Recorded information:
-.-.-

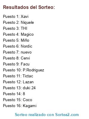 Lista de participantes: 8, Cervi, Coco, duki 24, Facu, Kagami, Lazan, Magico, Miño, Niquele, Nordic, nuevo, P.Rodriguez, THI, Tictac, Xavi.
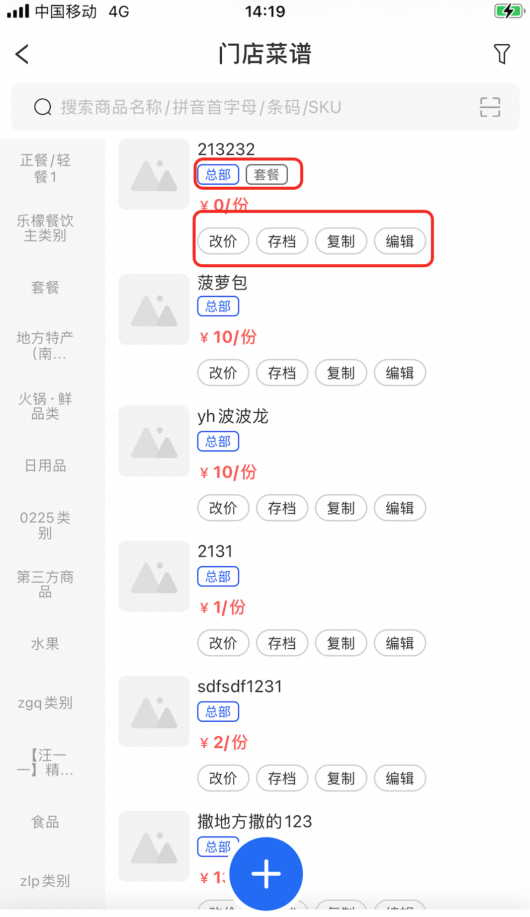 增加列表页菜品操作:改价、存档/取消存档、复制、编辑;
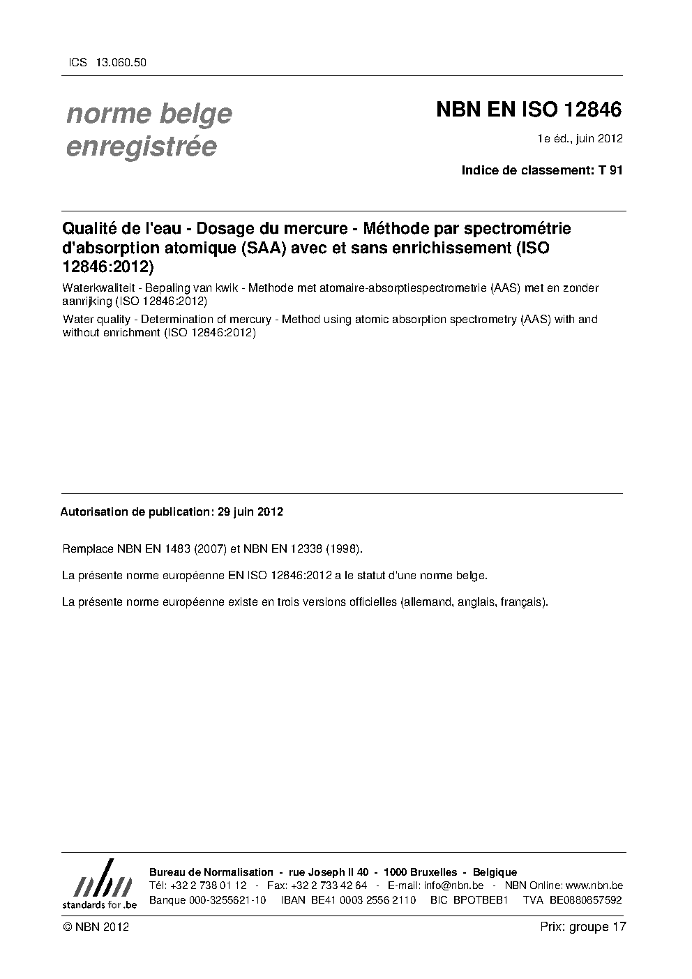 Water quality - Determination of mercury - Method using atomic absorption spectrometry (AAS) with and without enrichment (ISO 12846:2012)
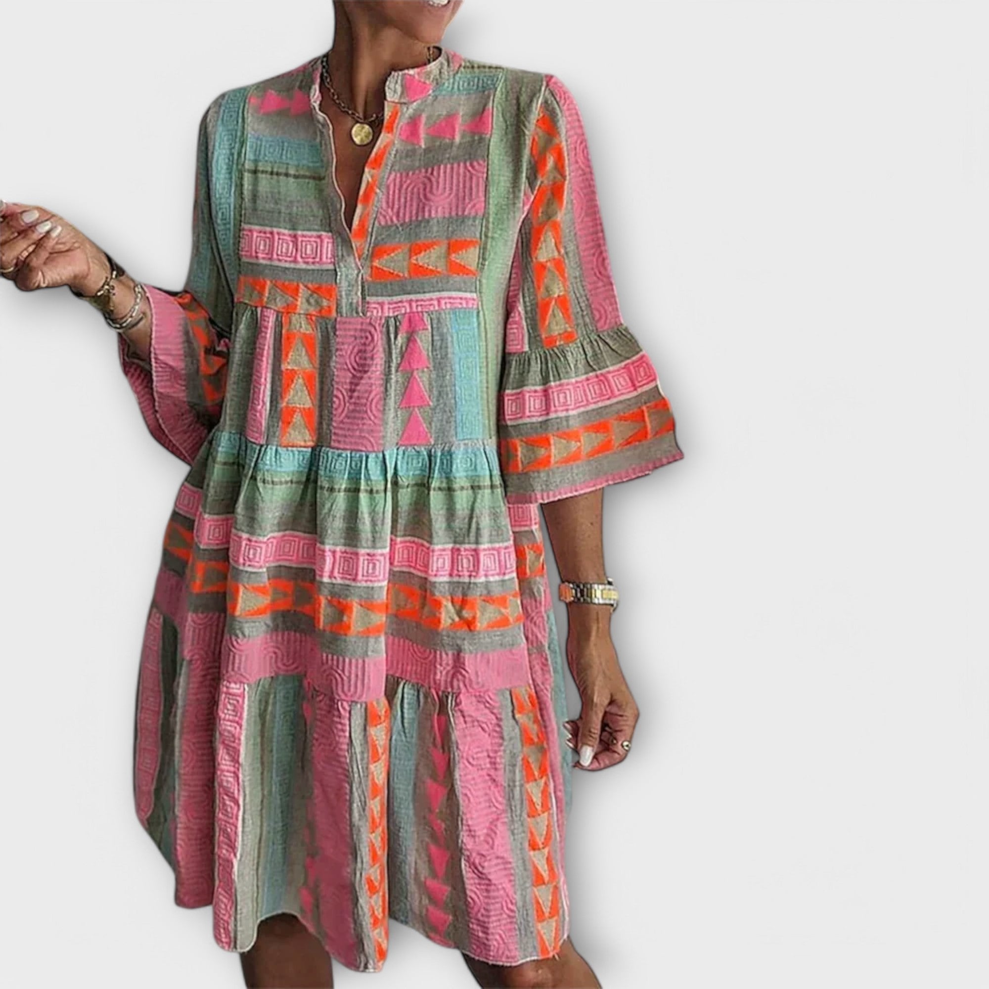 O vestido midi Mabel combina elegância e praticidade, garantindo um visual sofisticado para qualquer ocasião.

-.-.-

Task to complete:
The lines from the one with "增加列表页菜品操作:改价、存档/取消存档、复制、编辑;" to the end of the data above should be retyped exactly, both ends included, and pictures are to be left out.

Solution to this problem:
 增加列表页菜品操作:改价、存档/取消存档、复制、编辑;
 Water quality - Determination of mercury - Method using atomic absorption spectrometry (AAS) with and without enrichment (ISO 12846:2012)
 O vestido midi Mabel combina elegância e praticidade, garantindo um visual sofisticado para qualquer ocasião.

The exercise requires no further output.